→ **Task description**
Transcribe the records exactly. Pictures do not belong in the transcription.
=== Section Start ===
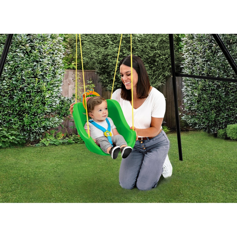 Good times will be in full swing when you get your little one this CoComelon 2-in-1 Outdoor Swing by Delta Children! The swings comfortable bucket seat and high back provides support while the three-point safety harness ensures your child stays securely in placethe harness can be removed as your child grows. A three-dimensional accent at the top of the swing and image of JJ on the buckle adds a ton of character. Made from durable, weather-resistant plastic, it will withstand the elements for many years. Plus, this fun swing comes with everything you need to attach it to your existing play structure, the included rope measures 36-inches from the top of the swing. Ideal for children ages 9-48 months.
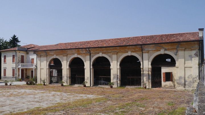 - Osservazioni: Barchessa porticata a cinque fornici su pilastri, ai quali sono addossate lesene con capitello tuscanico, binate agli spigoli.
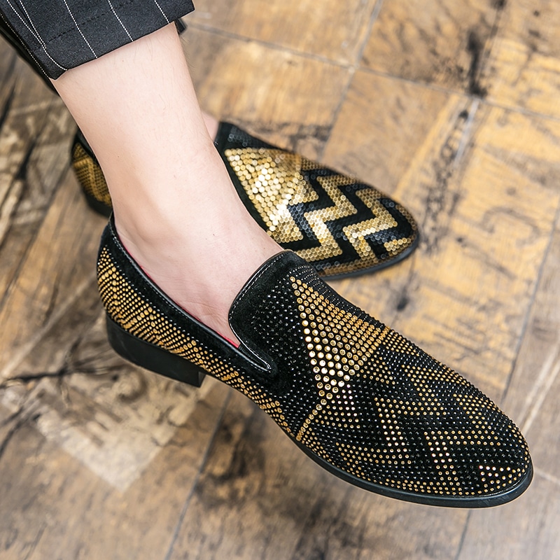 Estos mocasines negros con brillantes dorados son cómodos y duraderos. Su diseño sin cordones facilita su uso y garantiza un ajuste ceñido y cómodo. También ofrecen una buena amortiguación y agarre gracias a suela de goma antideslizante con acolchado en el interior. Así podrá llevarlos todo el día y disfrutar de sus salidas nocturnas sin que le duelan los pies.
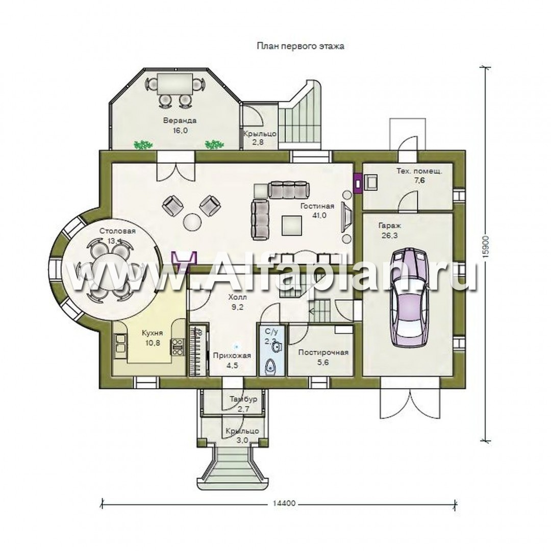 Веранда с крыльцом находится с противоположной стороны от главного входа.  Светлая столовая полукруглой формы площадью 13 м² совмещена с гостиной и компактной 10-метровой кухней. Здесь же на первом этаже есть гараж площадью 26 м², небольшая постирочная, техническое помещение и санузел.
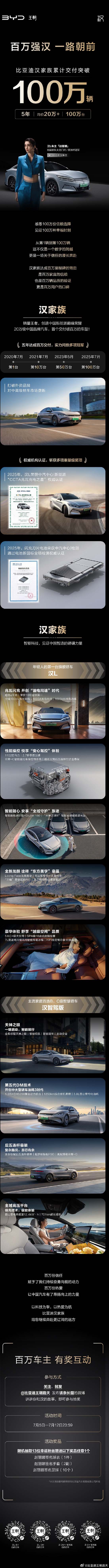 从时间线看,2020年7月首台车交付,到2025年7月达成百万辆,汉家族走过了五年历程。
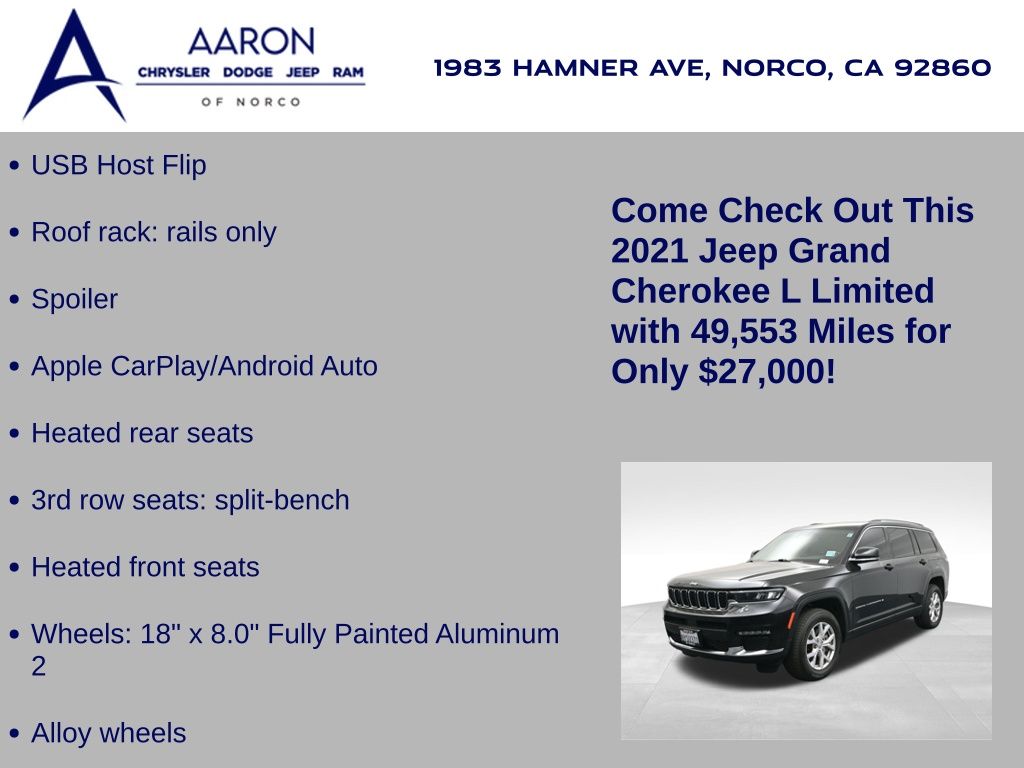 2021 Jeep Grand Cherokee L Limited 4x4 | Customer Preferred 22E | 3.6L V6 | 1-Owner | just under 50,000 miles | 18/25 MPG3-row with 2nd-row buckets, power lift gate, Uconnect 8.4-in, advanced safety. Para la version en espanol, vea abajo.Quadra-Trac I 4x4 with Selec-Terrain drive modes adds all-weather confidence, while driver aids include Full-Speed Forward-Collision Warning Plus, Active Lane-Management, ParkSense Front/Rear Park-Assist with Stop, ParkView backup camera and Blind-Spot/Rear Cross-Path detection. Heated and ventilated front seats, heated second row, heated wheel and a wireless charging pad elevate comfort.Renowned for capability, comfort and tech in the three-row SUV segment.Shop with confidence: we keep the process transparent from appraisal to delivery, complete every inspection and reconditioning step, and offer straightforward financing. Our knowledgeable, no-pressure team prices vehicles using live market data to keep deals fair and competitive.Take the next step by messaging us for a personalized quote or to arrange a convenient visit. We offer flexible options like virtual consultations and promise to resolve any questions transparently to build your confidence in us.2021 Jeep Grand Cherokee L Limited 4x4 | Customer Preferred 22E | V6 3.6L | 1 propietario | poco menos de 50,000 millas | 18/25 mpgSUV de 3 filas con asientos tipo capitan en la 2. fila, porton electrico, Uconnect de 8.4" y seguridad avanzada.El sistema Quadra-Trac I 4x4 con modos Selec-Terrain brinda confianza en todo clima, y suma asistencias como advertencia de colision frontal a velocidad completa, manejo activo de carril, ParkSense delantero/trasero con frenado, camara ParkView y monitoreo de punto ciego con alerta de cruce trasero. Asientos delanteros con calefaccion y ventilacion, segunda fila calefactable, volante termico y cargador inalambrico elevan el confort.Reconocida por su capacidad, comodidad y tecnologia entre las SUV de tres filas.Compra con tranquilidad: manejamos un proceso transparente, realizamos inspeccion y reacondicionamiento completos y ofrecemos financiamiento sencillo. Nuestro equipo sin presiones y con datos de mercado mantiene precios justos y competitivos.Da el siguiente paso: envianos un mensaje para una cotizacion personalizada o agenda una visita. Ofrecemos opciones flexibles como consultas virtuales y responderemos con transparencia para darte total confianza.
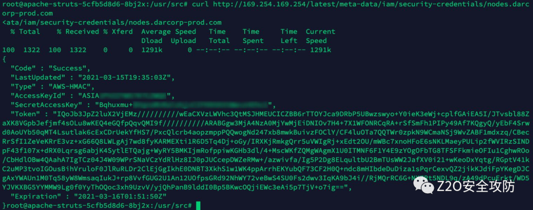 观察IAM凭证,对手找到了与运行pod的Kubernetes节点相关的AWS IAM角色凭证。
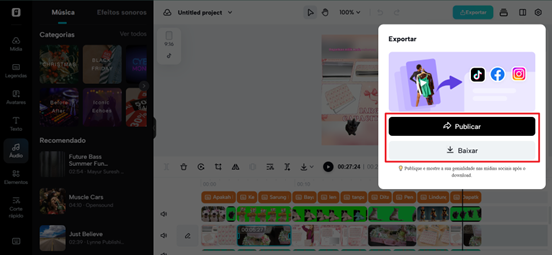 Quando tudo estiver pronto, exporte seu vídeo em alta resolução, pronto para compartilhar em diversas plataformas ou usar em campanhas de marketing.
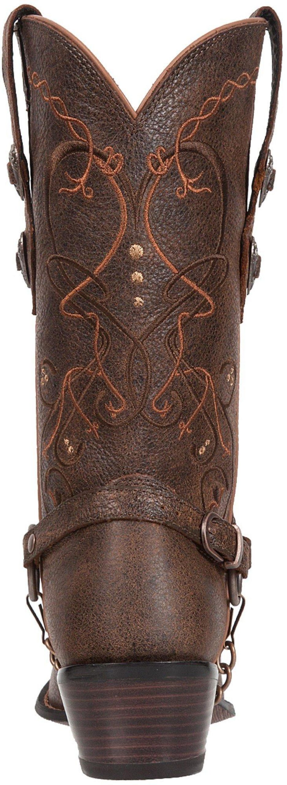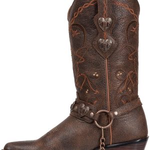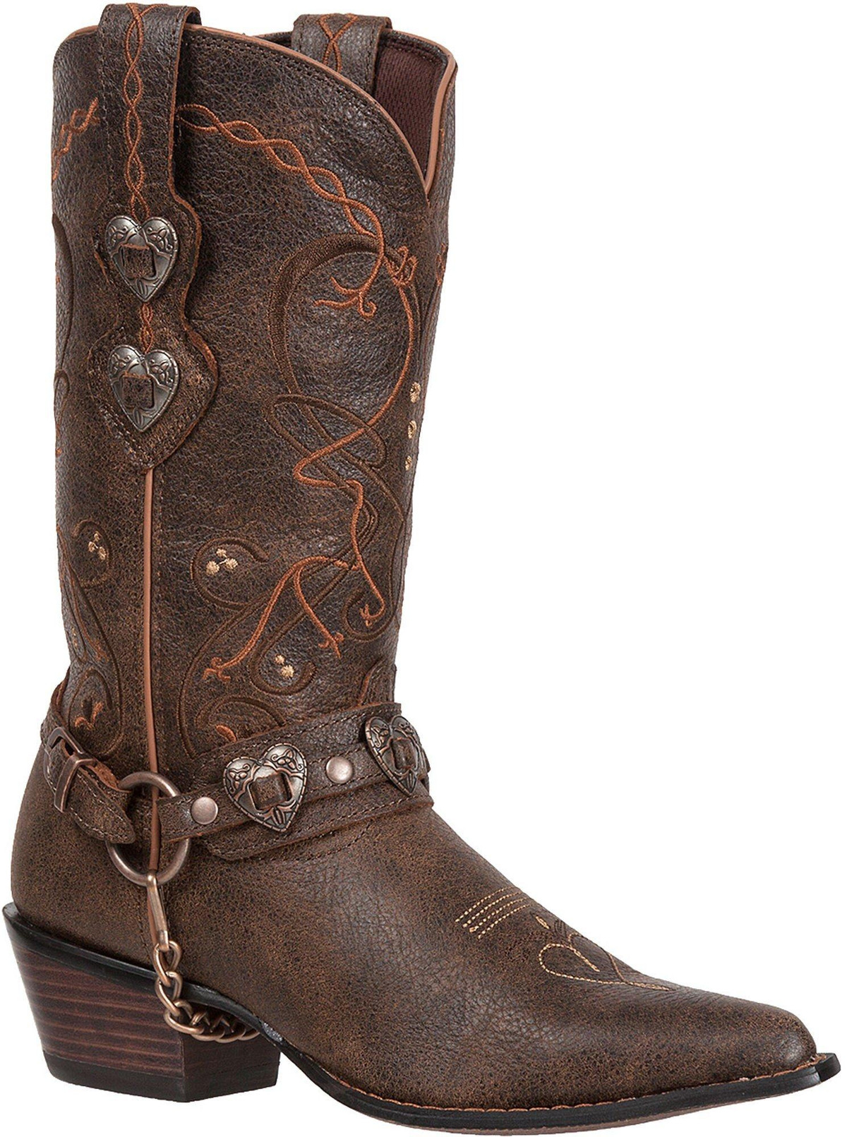 The Heart Buckle cowboy boots by Durango offer a full-grain genuine leather upper with smooth filigree finishing and heart-shaped metal accents. These boots offer a cushion flex insole, tempered steel shank, and a soft mesh lining. Boot shaft measures 11” tall.
=== Section End ===
→ **Answer to this exercise**
 Good times will be in full swing when you get your little one this CoComelon 2-in-1 Outdoor Swing by Delta Children! The swings comfortable bucket seat and high back provides support while the three-point safety harness ensures your child stays securely in placethe harness can be removed as your child grows. A three-dimensional accent at the top of the swing and image of JJ on the buckle adds a ton of character. Made from durable, weather-resistant plastic, it will withstand the elements for many years. Plus, this fun swing comes with everything you need to attach it to your existing play structure, the included rope measures 36-inches from the top of the swing. Ideal for children ages 9-48 months.
 - Osservazioni: Barchessa porticata a cinque fornici su pilastri, ai quali sono addossate lesene con capitello tuscanico, binate agli spigoli.
 Estos mocasines negros con brillantes dorados son cómodos y duraderos. Su diseño sin cordones facilita su uso y garantiza un ajuste ceñido y cómodo. También ofrecen una buena amortiguación y agarre gracias a suela de goma antideslizante con acolchado en el interior. Así podrá llevarlos todo el día y disfrutar de sus salidas nocturnas sin que le duelan los pies.
 Веранда с крыльцом находится с противоположной стороны от главного входа.  Светлая столовая полукруглой формы площадью 13 м² совмещена с гостиной и компактной 10-метровой кухней. Здесь же на первом этаже есть гараж площадью 26 м², небольшая постирочная, техническое помещение и санузел.
 从时间线看,2020年7月首台车交付,到2025年7月达成百万辆,汉家族走过了五年历程。
 2021 Jeep Grand Cherokee L Limited 4x4 | Customer Preferred 22E | 3.6L V6 | 1-Owner | just under 50,000 miles | 18/25 MPG3-row with 2nd-row buckets, power lift gate, Uconnect 8.4-in, advanced safety. Para la version en espanol, vea abajo.Quadra-Trac I 4x4 with Selec-Terrain drive modes adds all-weather confidence, while driver aids include Full-Speed Forward-Collision Warning Plus, Active Lane-Management, ParkSense Front/Rear Park-Assist with Stop, ParkView backup camera and Blind-Spot/Rear Cross-Path detection. Heated and ventilated front seats, heated second row, heated wheel and a wireless charging pad elevate comfort.Renowned for capability, comfort and tech in the three-row SUV segment.Shop with confidence: we keep the process transparent from appraisal to delivery, complete every inspection and reconditioning step, and offer straightforward financing. Our knowledgeable, no-pressure team prices vehicles using live market data to keep deals fair and competitive.Take the next step by messaging us for a personalized quote or to arrange a convenient visit. We offer flexible options like virtual consultations and promise to resolve any questions transparently to build your confidence in us.2021 Jeep Grand Cherokee L Limited 4x4 | Customer Preferred 22E | V6 3.6L | 1 propietario | poco menos de 50,000 millas | 18/25 mpgSUV de 3 filas con asientos tipo capitan en la 2. fila, porton electrico, Uconnect de 8.4" y seguridad avanzada.El sistema Quadra-Trac I 4x4 con modos Selec-Terrain brinda confianza en todo clima, y suma asistencias como advertencia de colision frontal a velocidad completa, manejo activo de carril, ParkSense delantero/trasero con frenado, camara ParkView y monitoreo de punto ciego con alerta de cruce trasero. Asientos delanteros con calefaccion y ventilacion, segunda fila calefactable, volante termico y cargador inalambrico elevan el confort.Reconocida por su capacidad, comodidad y tecnologia entre las SUV de tres filas.Compra con tranquilidad: manejamos un proceso transparente, realizamos inspeccion y reacondicionamiento completos y ofrecemos financiamiento sencillo. Nuestro equipo sin presiones y con datos de mercado mantiene precios justos y competitivos.Da el siguiente paso: envianos un mensaje para una cotizacion personalizada o agenda una visita. Ofrecemos opciones flexibles como consultas virtuales y responderemos con transparencia para darte total confianza.
 观察IAM凭证,对手找到了与运行pod的Kubernetes节点相关的AWS IAM角色凭证。
 Quando tudo estiver pronto, exporte seu vídeo em alta resolução, pronto para compartilhar em diversas plataformas ou usar em campanhas de marketing.
 The Heart Buckle cowboy boots by Durango offer a full-grain genuine leather upper with smooth filigree finishing and heart-shaped metal accents. These boots offer a cushion flex insole, tempered steel shank, and a soft mesh lining. Boot shaft measures 11” tall.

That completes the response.